Ever wondered why octopuses don’t tie themselves in knots? A team from the Hebrew University of Jerusalem believes they have discovered how they achieve it: a chemical produced by octopus skin temporarily stops the suckers from doing their job.

The team found that the suckers on the tentacles do not stick to octopus skin: They manage this by sensing a chemical produced by the skin.

To reach their conclusion, the scientists took amputated octopus arms, which can remain alive on their own for an hour. They found that the tentacles attached themselves to every type of surface except other octopus arms.

“In more than 30 trials during the preliminary observations,” they wrote, “we never saw the suckers of amputated arms attach to the arm itself or to another arm covered with skin, whether they originated from the same animal or from different animals.”

However, when the team put skinned octopus arms in reach of the amputated ones, the suckers latched onto the skinless flesh.

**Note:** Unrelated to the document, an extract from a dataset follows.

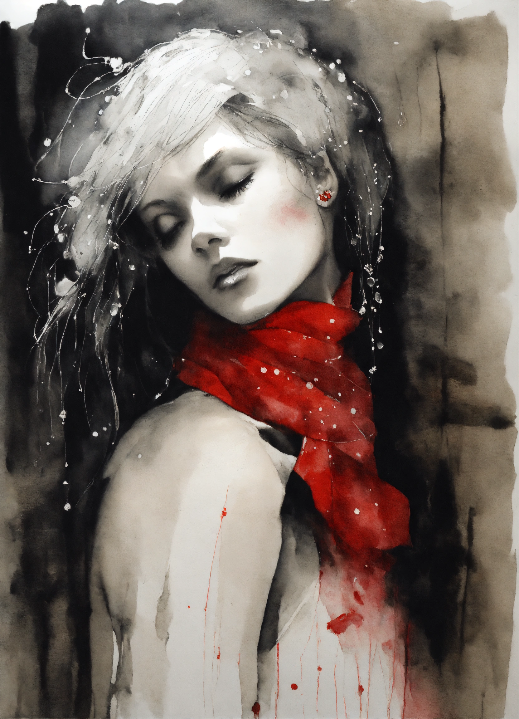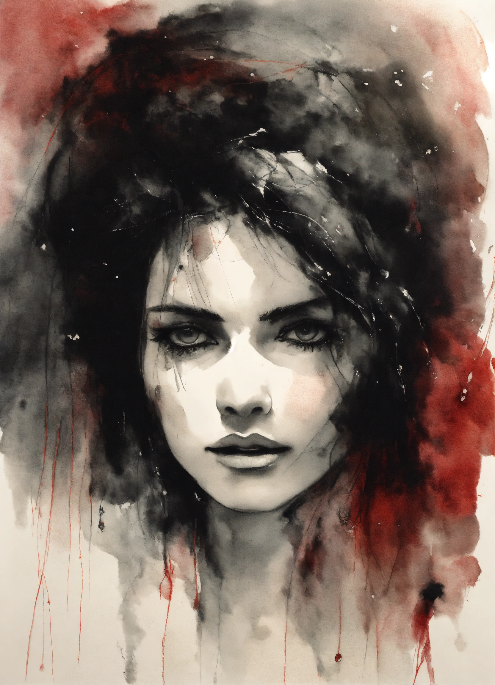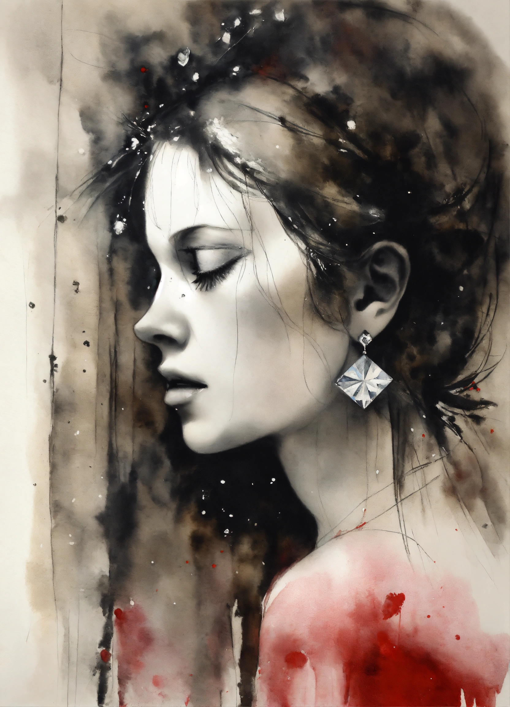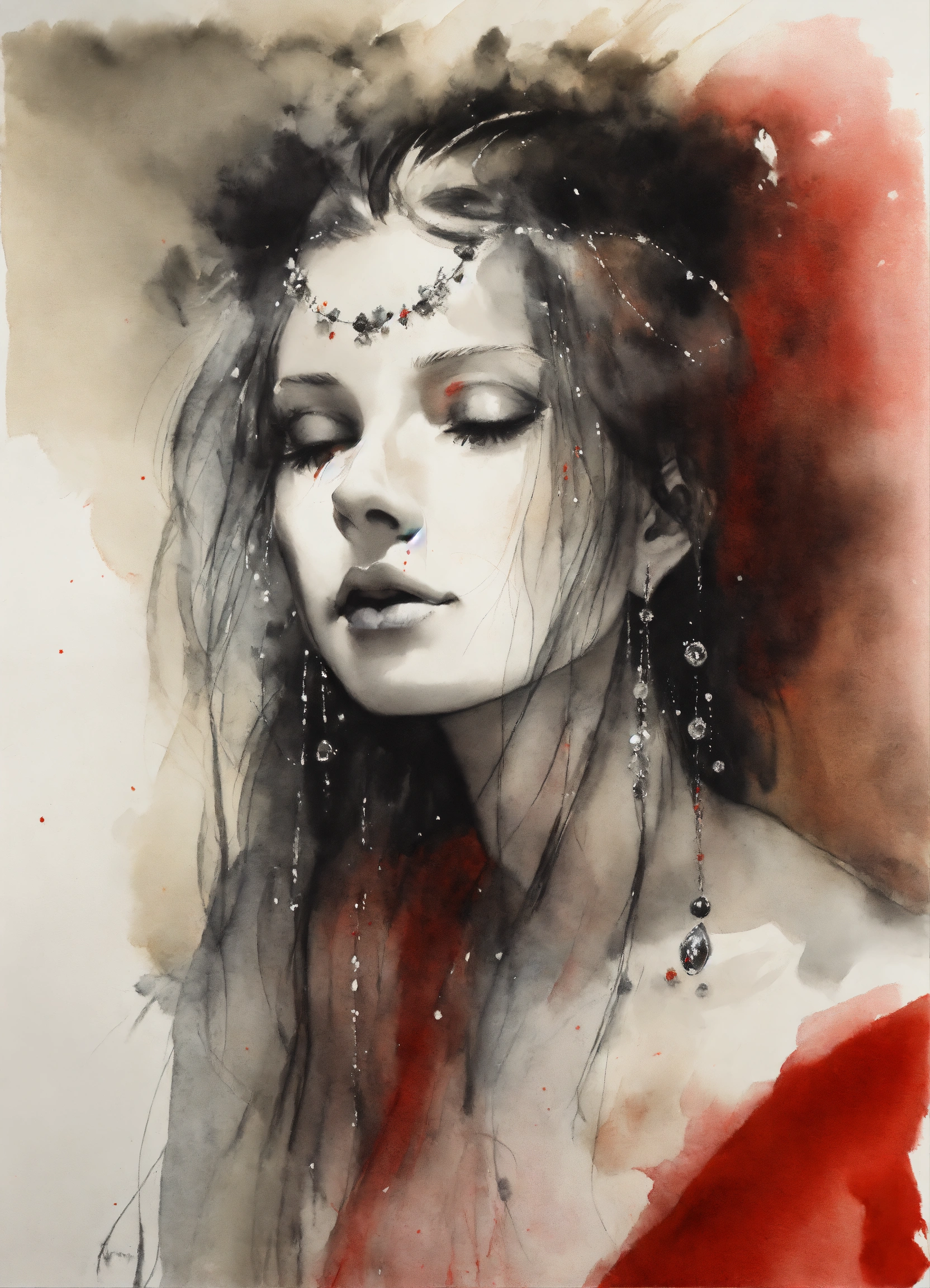 Stephen gammell style, dessin, aquarelle, aquarelles, noir et blanc et rouge, de marais, de sombres créatures, dégoulinan, woman with diamonds in her hair thinks about the seaside

“We were entirely surprised by the brilliant and simple solution of the octopus to this potentially very complicated problem,” the researchers said, according to the Daily Mail.

However, octopi do eat each other, and the scientists found that live specimens do sometimes grab amputated arms. This, they wrote, suggests that “central brain control can override (veto) the inhibition of the reflexive attachment behavior.”

Live octopi also seemed able to recognize their own amputated arms versus those from another specimen.

They also found that many octopus movements are highly redundant, almost reflexive, simplifying the control of the eight arms.

In the article summary, the researchers suggested that their findings on octopus motor control and self-awareness could have important implications for the development of autonomous robots.